Das Schleudern des Stoffes gegen die Siebflächen soll auch durch besondere Flügelwalzen geschehen, wie es bei der zweiten Einrichtung von W. J. A. Reimann in Breslau (* D. R. P. Nr. 24290 vom 3. Februar 1883) in Textfigur 3 dargestellt ist. Die Siebe S und S1 sind hier Roste und die Stäbe derselben auf der oberen Seite mit Rinnen versehen. Die Roste stehen mehr senkrecht gegen den von der Walze W und der vor derselben liegenden Flügelwalze L in die Höhe geschleuderten Stoff und sind auch in der Breite dieser Walzen schräg gestellt, so daſs die durchgeworfenen und auf den Rinnen aufgefangenen feinen Fasern seitwärts mit dem Wasser in eine Rinne R ablaufen können, um in den nächsten Holländer geführt zu werden.
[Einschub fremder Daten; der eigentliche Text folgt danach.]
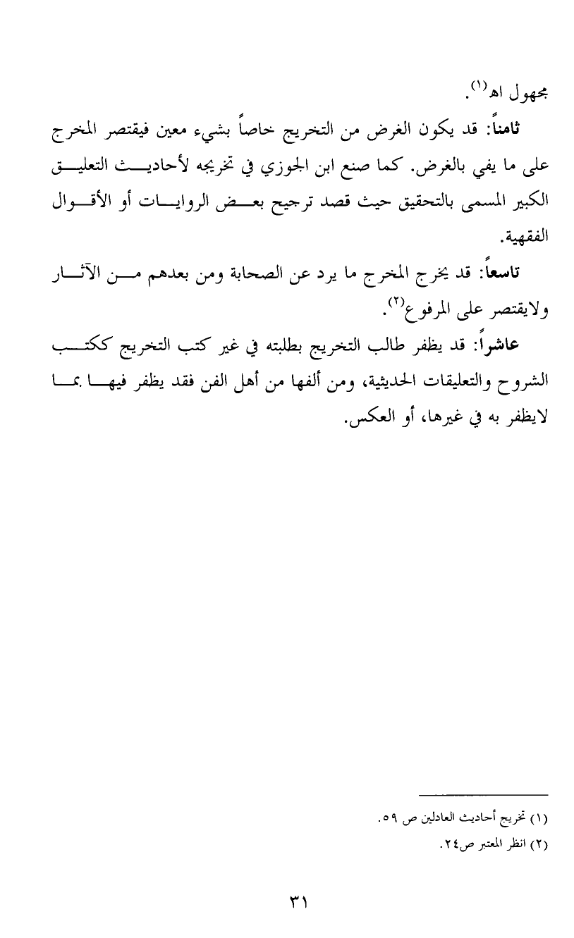 ثامناً: قد يكون الغرض من التخريج خاصاً بشيء معين فيقتصر المخرج على ما يفي بالغرض. كما صنع ابن الجوزي في تخريجه لأحاديث التعليق الكبير المسمى بالتحقيق حيث قصد ترجيح بعض الروايات أو الأقوال الفقهية.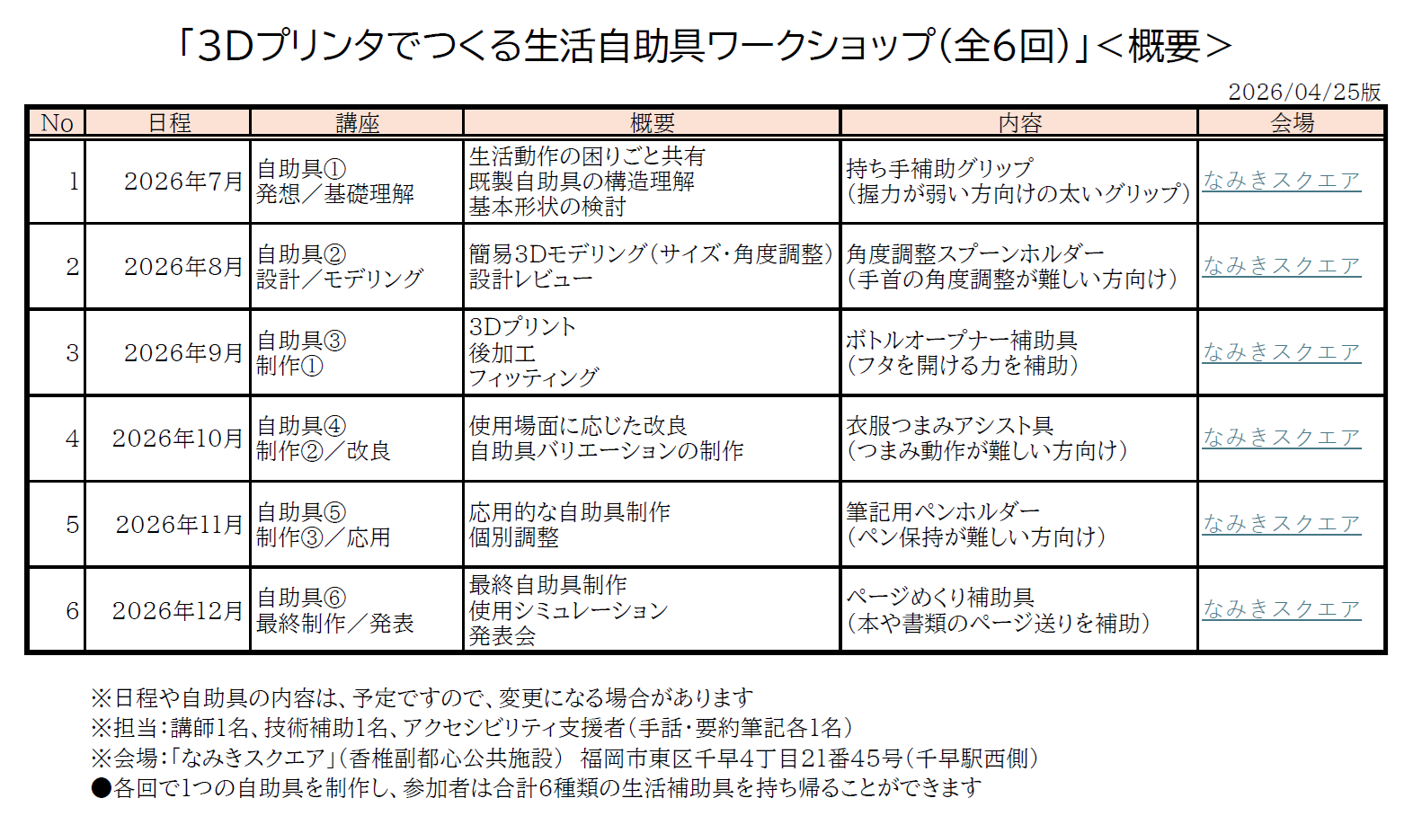 「3Dプリンタでつくる生活自助具ワークショップ(全6回)」<概要>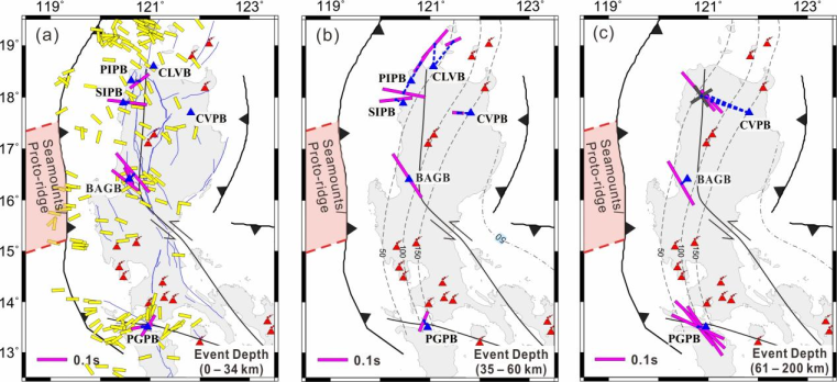 Cao, L., He, X., Zhao, L., Huang, B.‐S., Hao, T., Zhao, M., et al. (2025). Frequency‐dependent anisotropy and upper plate deformation due to seamount subduction in northern Luzon. Geophysical Research Letters, 52, e2025GL119325.
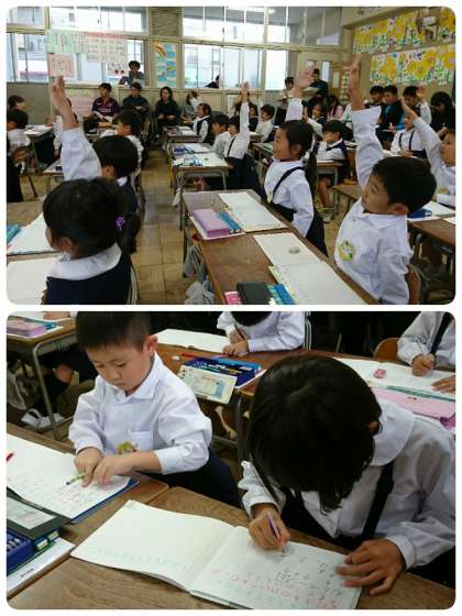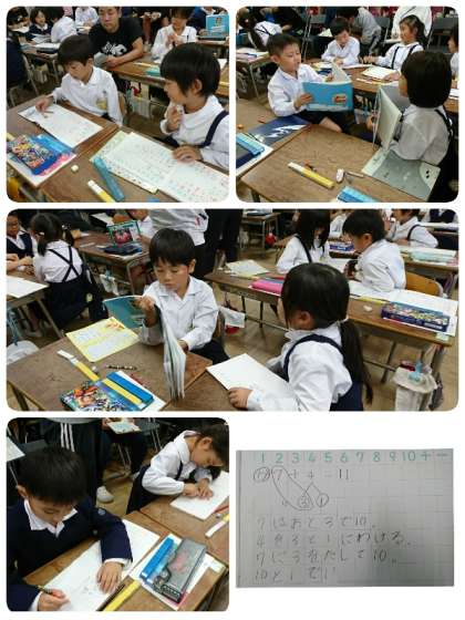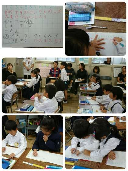 5時間目、1−2の学級で算数の研究授業を行いました。単元は、「たしざん」で、くり上がりのある加法について学習しました。1−2の子ども達は、ほとんどの子どもが自信を持ってどんどん発表することができていました。ノートを書く字がていねいで、まるでお手本のようです。書くスピードもとても速いです。1年生でこれだけできるのは、日頃の学習規律がしっかりと身についているからですね。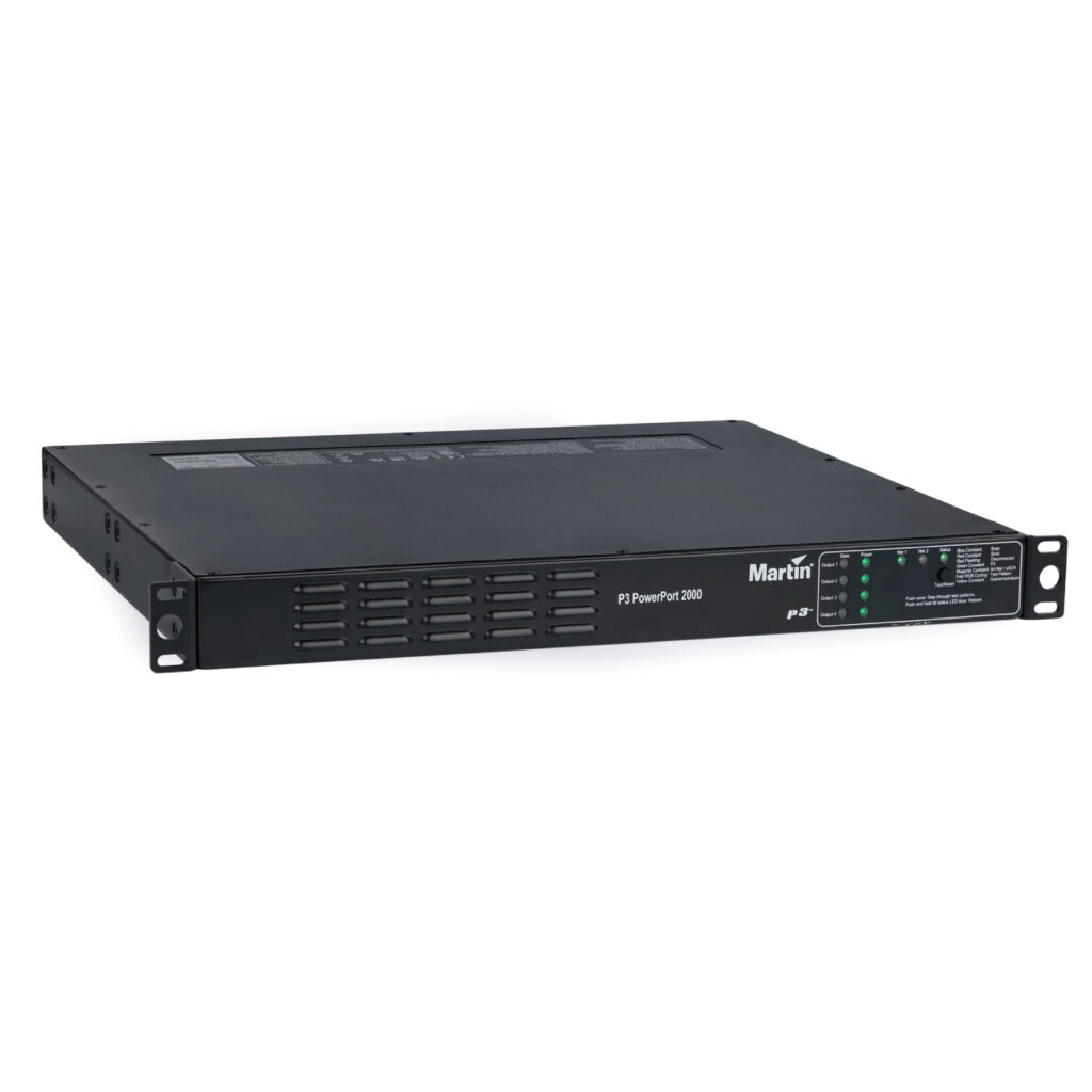 Martin P3 PowerPort 2000は、MartinのCreative LED照明器具にシームレスな電力とデータを供給し、屋内設置およびレンタル用途に適しています。安定した電力供給と高速・大容量のデータ配信を融合し、照明器具の設置を簡素化します。筐体はラック、トラス、壁面への設置に対応し、最大限の設置柔軟性を実現します。

Von dem letzten Holländer soll der feine Stoff sofort zur Papiermaschine gelangen.

Fig. 3., Bd. 253, S. 27

So verlockend ein ununterbrochener Betrieb der Holländer auch erscheint, so ist doch zu bedenken, daſs bei der dann ebenfalls ununterbrochenen Beschickung der grobe Stoff sich nicht im Gange seiner Bearbeitung an den schon feineren Stoff anschlieſst, sondern mit diesem vermischt wird, so daſs hierbei besonders die feineren Fasern an und zwischen die groben Stofftheile sich festhängen. Wo bleibt dann auch der mit der allmählichen Verfeinerung des Stoffes vermehrte Messerangriff durch Tieferstellung der Walze gegen das Grundwerk?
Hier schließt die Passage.